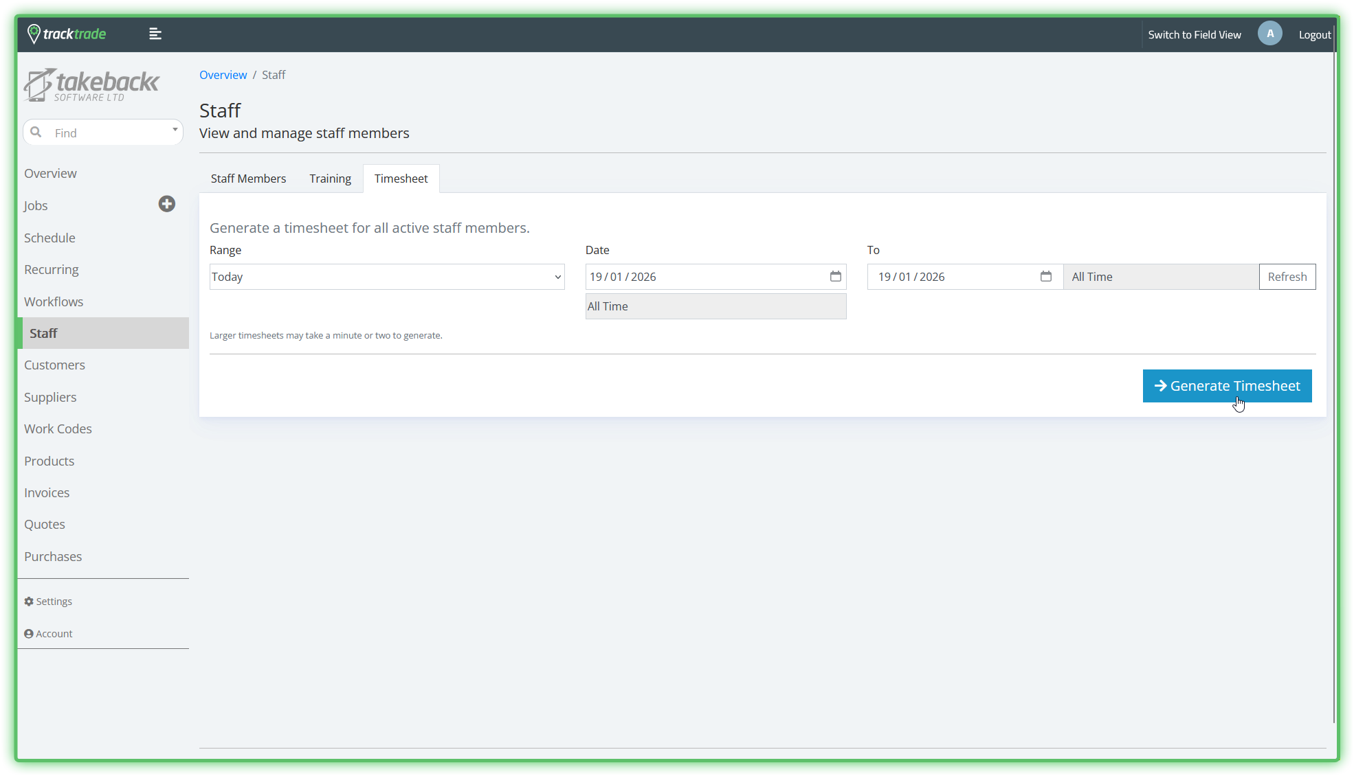 Allows for generating a Timesheet in Excel format for all active Staff in a chosen time period.
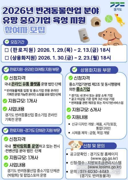 시민행정신문 강갑수 기자 | 경기도가 ‘반려동물산업 분야 유망 중소기업 육성 지원사업’ 참여 보조사업자를 모집한다.
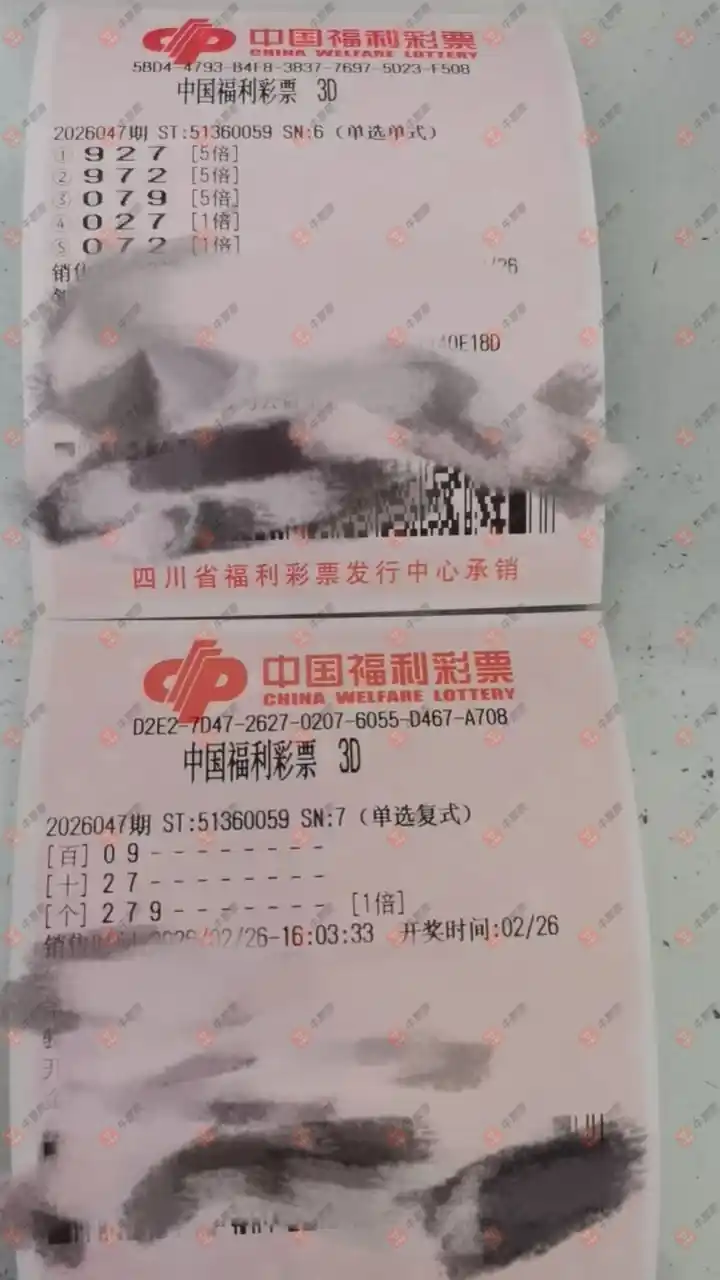 福彩3D 2026058期 晒中

→ EXERCISE DESCRIPTION
Output the data verbatim, images excluded.

→ ANSWER SECTION
 Allows for generating a Timesheet in Excel format for all active Staff in a chosen time period.
 시민행정신문 강갑수 기자 | 경기도가 ‘반려동물산업 분야 유망 중소기업 육성 지원사업’ 참여 보조사업자를 모집한다.
 福彩3D 2026058期 晒中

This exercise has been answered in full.